Print the data below again in full, exactly as it stands, with no images.

##### DATASET CONTENT

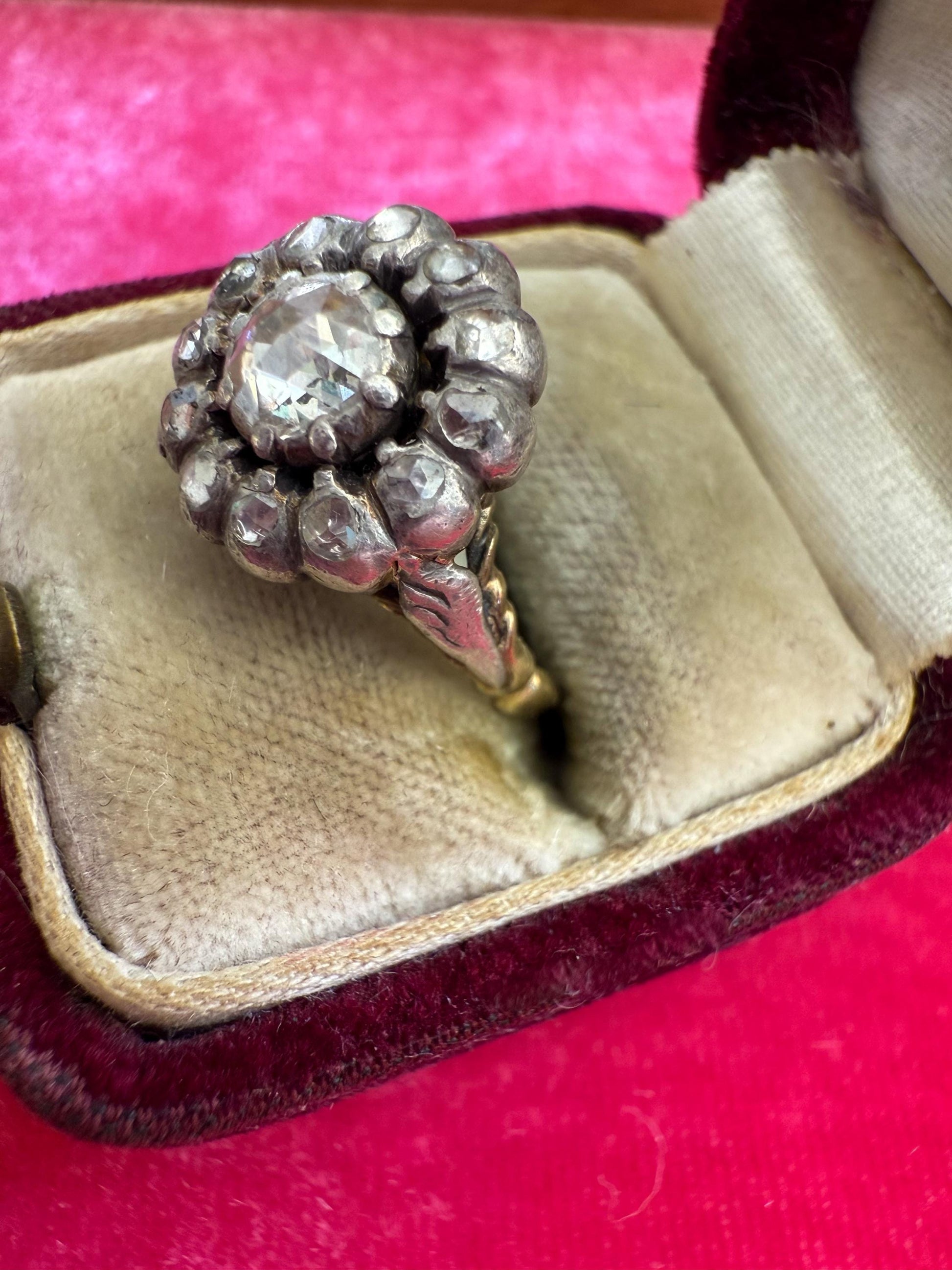 This exquisite antique daisy ring is a rare Georgian-era treasure, set with glimmering rose cut diamonds in a classic flower cluster motif. The diamonds, all foil-backed and delicately hand-cut, offer a soft, romantic shimmer that only antique stones can provide. With a total face-up presence of approximately 0.50 carats, this ring captures the timeless charm of the past.
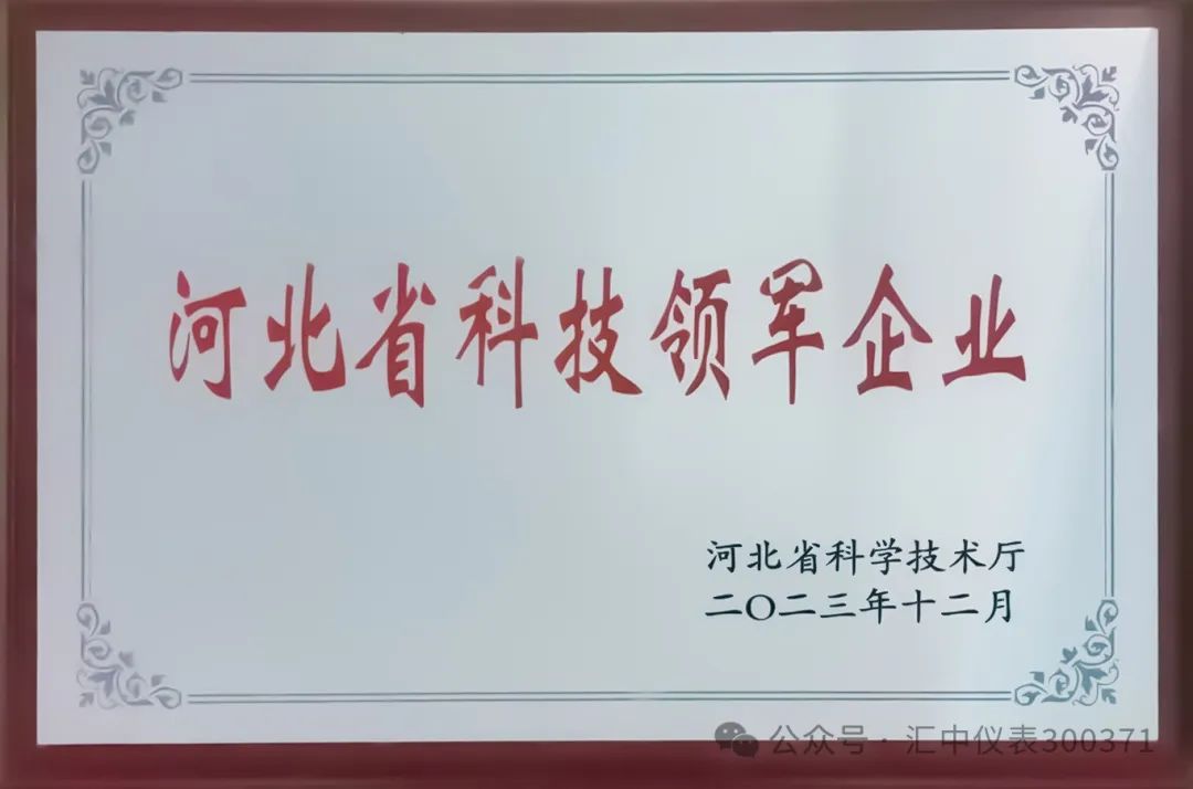 河北省科技厅公布了2023年度认定的河北省科技领军企业名单,汇中仪表股份有限公司脱颖而出,榜上有名。
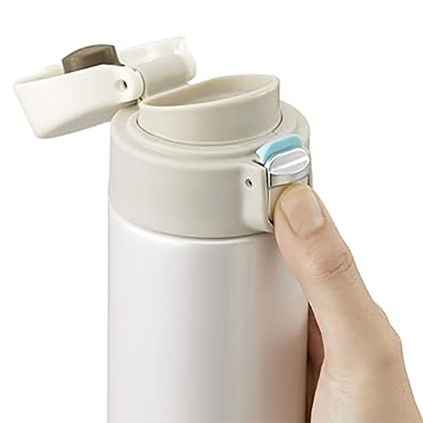 Mở nắp đơn giản bằng nút bấm chỉ với 1 tay. Nắp có khóa dạng trượt, chức năng này giúp ngăn nắp vô tình mở trong túi dẫn đến làm đổ đồ uống.

##########

* [OUTPUT]:
 This exquisite antique daisy ring is a rare Georgian-era treasure, set with glimmering rose cut diamonds in a classic flower cluster motif. The diamonds, all foil-backed and delicately hand-cut, offer a soft, romantic shimmer that only antique stones can provide. With a total face-up presence of approximately 0.50 carats, this ring captures the timeless charm of the past.
 河北省科技厅公布了2023年度认定的河北省科技领军企业名单,汇中仪表股份有限公司脱颖而出,榜上有名。
 Mở nắp đơn giản bằng nút bấm chỉ với 1 tay. Nắp có khóa dạng trượt, chức năng này giúp ngăn nắp vô tình mở trong túi dẫn đến làm đổ đồ uống.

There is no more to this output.